The delegations made by him, like the later legislative scheme established by Pt 4 of the Regulations, did not allow for a review of a decision to refuse an application for business nomination by a company that is not a pre-qualified business sponsor or a standard business sponsor (see reg 1.20B for the definition of “pre-qualified business sponsor” and “standard business sponsor”). The relevant instrument of delegation is contained at pp 489-490 in the book of documents filed by the respondent. The exercise of the powers delegated by the instrument was governed by a letter from the Minister to the delegate. An example of such a letter dated 12 November 1996 appears at p 487 of the book of documents filed by the respondent. So far as decisions to refuse to approve nominations of business activities are concerned, the letter restricts the delegate’s power of review to decisions on nominations by pre-qualified business sponsors and standard business sponsors.

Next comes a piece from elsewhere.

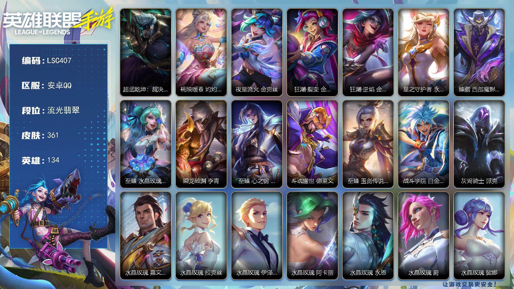 【lsc407】134英雄/361皮肤/1典藏/12神话/53传说/188史诗/流光翡翠/超武乾坤:裁决/桃映暖春灼灼芳菲拉克丝/夜星流火 金克丝/狂潮·裂变 金克丝/狂潮·逆焰 金克丝/星之守护者阿狸永绽盛芒/臻藏西部魔影卢锡安/至臻 水晶玫瑰 格温/乘龙破渊李青/至臻心之钢永恩/斗魂耀世德莱文/至臻 玉剑传说 武剑仙 锐雯/战斗学院白金学长伊泽瑞尔/灰烬骑士派克/水晶玫瑰皇子/水晶玫瑰 拉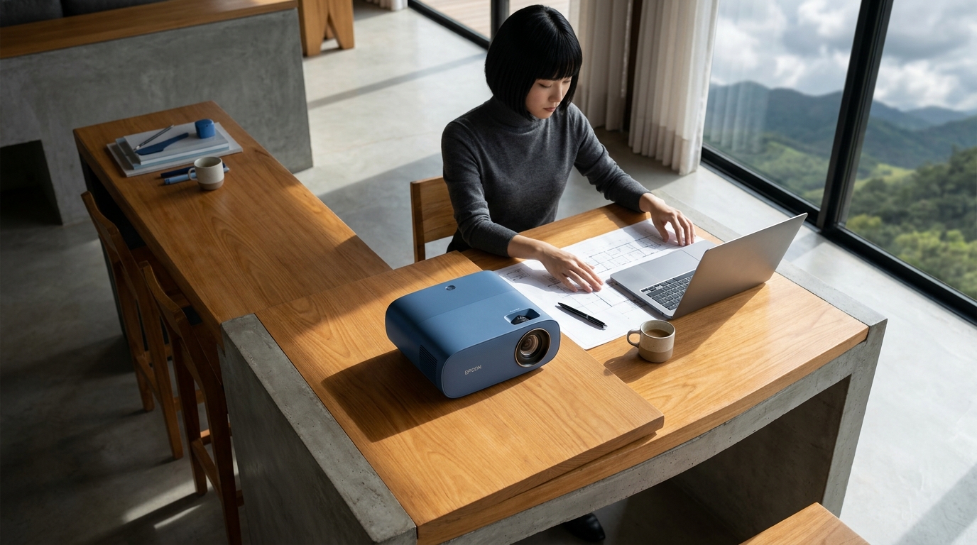 High-angle, overhead flat lay photography of a professional creative workspace inside a modern Brazilian mountain cabin. Centered on a heavy table made of warm, honey-toned freijó wood and raw gray concrete, the blue Epson EpiqVision Pop Plus EF62 portable projector sits prominently, its matte cylindrical form and precision lens catching the crisp morning light. Aiko Tanaka, a 25-year-old Japanese architectural designer with a razor-sharp black bob and porcelain skin, is seen from above, her slender hands meticulously aligning a set of architectural blueprints next to a sleek, minimalist laptop. She wears a structured charcoal grey wool turtleneck, embodying a disciplined and analytical energy. The scene is bathed in soft, natural light from a large floor-to-ceiling window, creating clean, sharp shadows that emphasize the 'Linearity' of her style. Subtle accents of Quartz Blue and Epson Navy appear in the design tools on the table. The composition is balanced and uncluttered, capturing a moment of quiet, focused preparation. 8k UHD, photorealistic, professional DSLR quality, sharp focus on the projector's texture and the wood grain.

In any event, Xinjiang Traffic Development Corporation Limited neither sought nor obtained review of the decision of the delegate which refused to approve the relevant proposed business activity. In the circumstances neither the delegate of the Minister nor the Tribunal could lawfully have granted to the applicants a subclass 457 visa.
Before the Tribunal, the applicants also placed reliance on subcl 457.223(7) which provides for the independent executive category of subclass 457 visas. Their original application did not refer to this subclass of visa. In any event, the visa in this category can only be applied for from outside Australia. The applicants made their respective visa applications from inside Australia. Their reliance on subcl 457.223(7) necessarily had to fail (Item 1223A(3)(ab)(iii) and (iv) of Sch 1 to the Regulations).
The decisions of the Tribunal must be affirmed.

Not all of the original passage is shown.